* **Goal of the exercise**:
Repeat the lines below exactly as written, please, from the line with "How Many Grams" to the line with "2. Place the", both lines included, and no others.

* **Records shown**:

· · · · ·

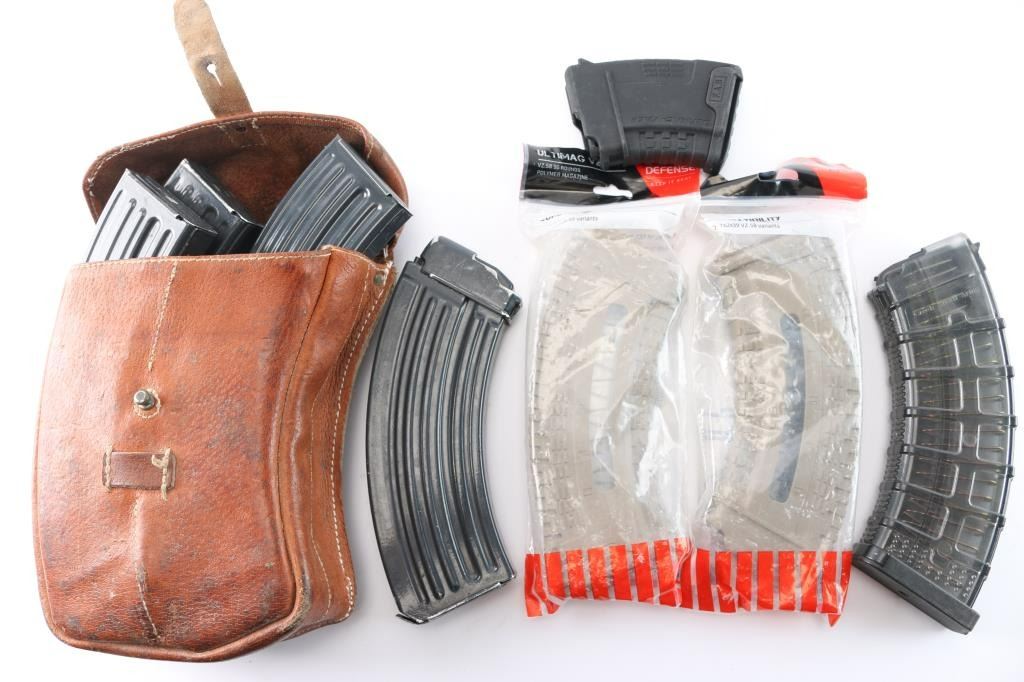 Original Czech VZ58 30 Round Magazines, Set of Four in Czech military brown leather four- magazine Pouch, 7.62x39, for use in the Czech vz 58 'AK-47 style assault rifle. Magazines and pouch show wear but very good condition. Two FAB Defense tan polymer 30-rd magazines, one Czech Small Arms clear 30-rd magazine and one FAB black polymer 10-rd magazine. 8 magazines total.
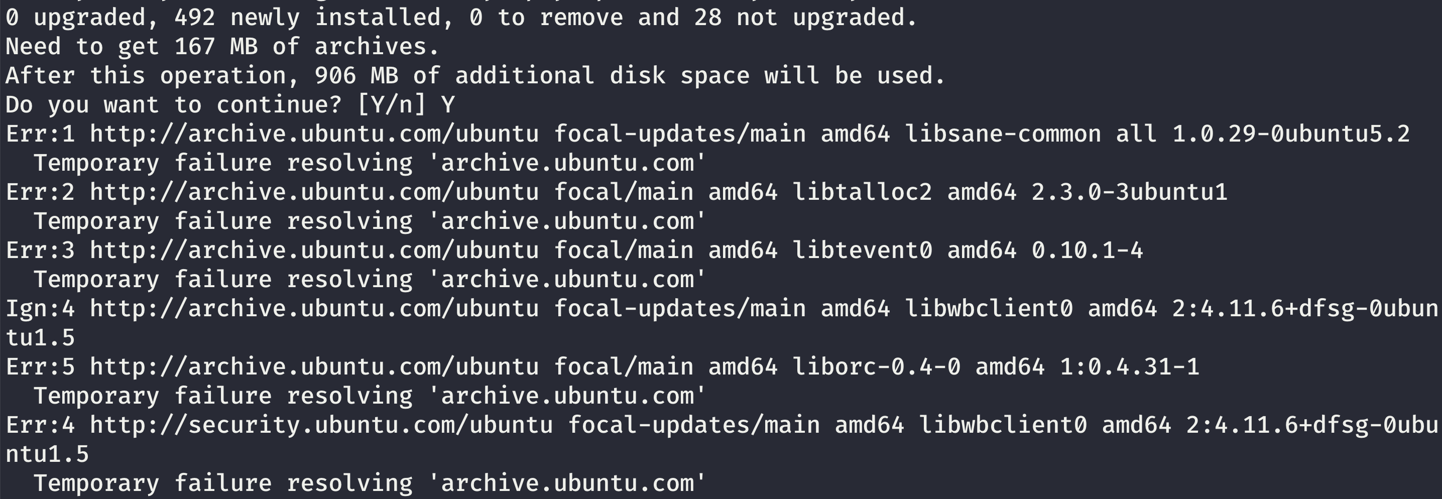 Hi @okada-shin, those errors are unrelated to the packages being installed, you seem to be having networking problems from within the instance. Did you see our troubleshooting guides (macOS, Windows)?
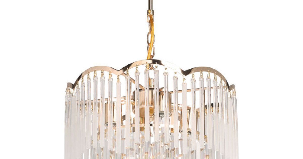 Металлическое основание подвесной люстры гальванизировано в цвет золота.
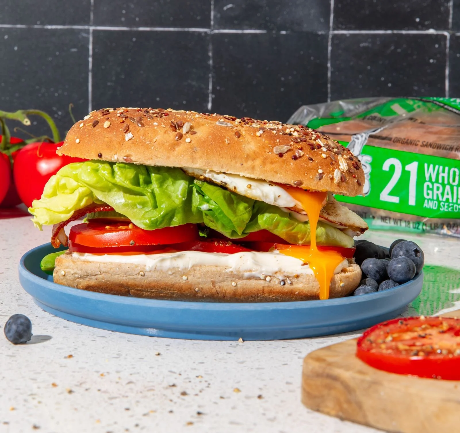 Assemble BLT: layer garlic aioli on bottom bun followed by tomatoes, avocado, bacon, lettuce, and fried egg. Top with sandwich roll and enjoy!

· · · · ·

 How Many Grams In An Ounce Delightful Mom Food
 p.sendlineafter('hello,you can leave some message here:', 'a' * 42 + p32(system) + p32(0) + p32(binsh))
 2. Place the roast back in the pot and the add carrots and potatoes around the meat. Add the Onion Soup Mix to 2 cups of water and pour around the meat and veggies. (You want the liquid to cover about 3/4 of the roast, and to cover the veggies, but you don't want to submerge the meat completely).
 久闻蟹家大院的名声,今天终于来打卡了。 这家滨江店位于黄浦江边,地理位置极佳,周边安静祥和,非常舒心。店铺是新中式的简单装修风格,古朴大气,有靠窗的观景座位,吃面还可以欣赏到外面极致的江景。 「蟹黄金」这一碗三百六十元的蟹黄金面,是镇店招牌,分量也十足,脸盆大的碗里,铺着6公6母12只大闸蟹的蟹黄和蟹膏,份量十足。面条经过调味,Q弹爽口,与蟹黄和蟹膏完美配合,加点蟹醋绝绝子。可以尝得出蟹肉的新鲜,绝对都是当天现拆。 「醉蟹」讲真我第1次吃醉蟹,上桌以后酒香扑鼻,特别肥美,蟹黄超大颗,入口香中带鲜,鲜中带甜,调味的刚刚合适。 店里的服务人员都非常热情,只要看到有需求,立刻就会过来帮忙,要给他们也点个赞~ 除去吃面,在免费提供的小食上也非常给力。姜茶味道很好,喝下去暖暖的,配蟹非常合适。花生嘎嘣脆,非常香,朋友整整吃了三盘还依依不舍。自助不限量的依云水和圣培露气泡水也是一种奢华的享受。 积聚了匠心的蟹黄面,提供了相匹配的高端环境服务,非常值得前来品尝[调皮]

· · · · ·

* **Final answer**:
 How Many Grams In An Ounce Delightful Mom Food
 p.sendlineafter('hello,you can leave some message here:', 'a' * 42 + p32(system) + p32(0) + p32(binsh))
 2. Place the roast back in the pot and the add carrots and potatoes around the meat. Add the Onion Soup Mix to 2 cups of water and pour around the meat and veggies. (You want the liquid to cover about 3/4 of the roast, and to cover the veggies, but you don't want to submerge the meat completely).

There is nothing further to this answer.